YOUR BUSINESS AUTHORITY
Springfield, MO
by Marla J. Franklin
While talking to your accountant on your cellular telephone, you disclose certain information regarding the financial status of your business. Months later, your former business partner discloses that he taped your conversation with the accountant.
He plans to file a lawsuit against you and present the tape as evidence that the profits of the business were unevenly divided. Was it illegal for your business partner to intercept and tape your cellular conversation?
Surprisingly, the answer may depend on the type of phone your accountant was using during your conversation.
Cellular telephones transmit and receive conversations via radio signals to and from a transmitter. Some commercial scanners, mainly those manufactured prior to 1994, receive cellular frequencies and are able to intercept cellular conversations as they occur.
This has led to an increasing concern over the privacy of a cellular telephone call and a close evaluation of Missouri's Wiretap Act.
The Missouri General Assembly enacted the state's first Wiretap Act in 1989, modeling it after the federal wiretap
statutes enacted in 1968. It is a felony, under the terms of the Missouri act, for any person to knowingly intercept or attempt to intercept any wire or oral communication.
Of note is that the federal wiretap statutes were amended in 1986 to prohibit the interception of not only a wire or oral communication, but also an electronic communication, which, by its definition, includes cellular communications. To date, the Missouri act has not been amended to include this definition.
In 1994, the Missouri Court of Appeals considered the provisions of the Missouri act as they applied to a cordless (not cellular) telephone conversation in a criminal case involving the possession of a controlled substance.
In this case, the defendant's neighbor was listening to her police scanner radio when she overheard the defendant, on his cordless telephone, arranging to buy marijuana for resale. She advised the highway patrol of the details of the defendant's plan.
Upon a search of the defendant's vehicle, the officers found a syringe of methamphetamine. The defendant was subsequently convicted for possession of a controlled substance.
On appeal, the defendant argued that his cordless telephone conversation was illegally intercepted in violation of the Missouri Wiretap Act.
Because a cordless telephone communication is accomplished by a radio broadcast rather than a wire or cable connection, the court held that a cordless telephone conversation was excluded from the definition of a wire communication under the Missouri act.
The court also held that a cordless telephone conversation is excluded from the definition of an oral communication because the cordless telephone user has no reasonable expectation of privacy in a communication which is "broadcast by radio in all directions" to be overheard by persons using a receiving device tuned to the same frequency.
As cellular telephones also transmit conversations through the use of radio signals, it would seem to follow that such conversations are unprotected by the Missouri act.
However, in a very recent case, the Missouri Court of Appeals provided an interesting twist in its interpretation of the act.

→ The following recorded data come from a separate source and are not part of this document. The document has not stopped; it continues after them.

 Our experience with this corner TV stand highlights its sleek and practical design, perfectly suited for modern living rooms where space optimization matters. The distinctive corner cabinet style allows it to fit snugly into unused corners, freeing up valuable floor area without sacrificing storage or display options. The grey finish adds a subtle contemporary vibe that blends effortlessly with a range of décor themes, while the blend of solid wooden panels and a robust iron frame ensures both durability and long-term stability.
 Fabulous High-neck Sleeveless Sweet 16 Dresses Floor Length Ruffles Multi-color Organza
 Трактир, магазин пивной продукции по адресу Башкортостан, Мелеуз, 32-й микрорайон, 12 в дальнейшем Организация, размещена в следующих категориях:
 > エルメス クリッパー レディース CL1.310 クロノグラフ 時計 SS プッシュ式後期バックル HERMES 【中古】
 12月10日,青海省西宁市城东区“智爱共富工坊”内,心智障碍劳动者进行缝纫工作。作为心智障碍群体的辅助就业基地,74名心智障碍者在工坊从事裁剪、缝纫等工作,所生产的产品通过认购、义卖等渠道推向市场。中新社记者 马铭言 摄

The court held that cellular conversations may be protected in certain situations.
The facts of the case indicated that the plaintiff intercepted the defendant's telephone conversations with a third party, by means of a scanner, and sought to introduce tapes of the telephone conversations into evidence.

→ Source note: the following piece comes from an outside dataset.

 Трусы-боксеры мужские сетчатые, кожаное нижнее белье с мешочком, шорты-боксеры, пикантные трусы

During the telephone conversations, at least one of the parties was using a regular wire telephone. The court held that the conversations fit within the act's definition of wire communications because they were made "in part" by the aid of a wire connection.
The conversations were deemed protected under the Missouri Wiretap Act, and tapes of the conversations were not allowed into evidence. The court did not rule on conversations between two cellular users or a cellular user and a cordless telephone user.
This case is important because the court took a substantial step in protecting the cellular user's right to privacy.
(Marla J. Franklin is a practicing attorney with the Springfield law firm of Miller & Sanford. Information and opinions expressed in the "Letter of the Law" column should not be construed as legal advice. For counseling on specific legal situations, please consult an attorney.)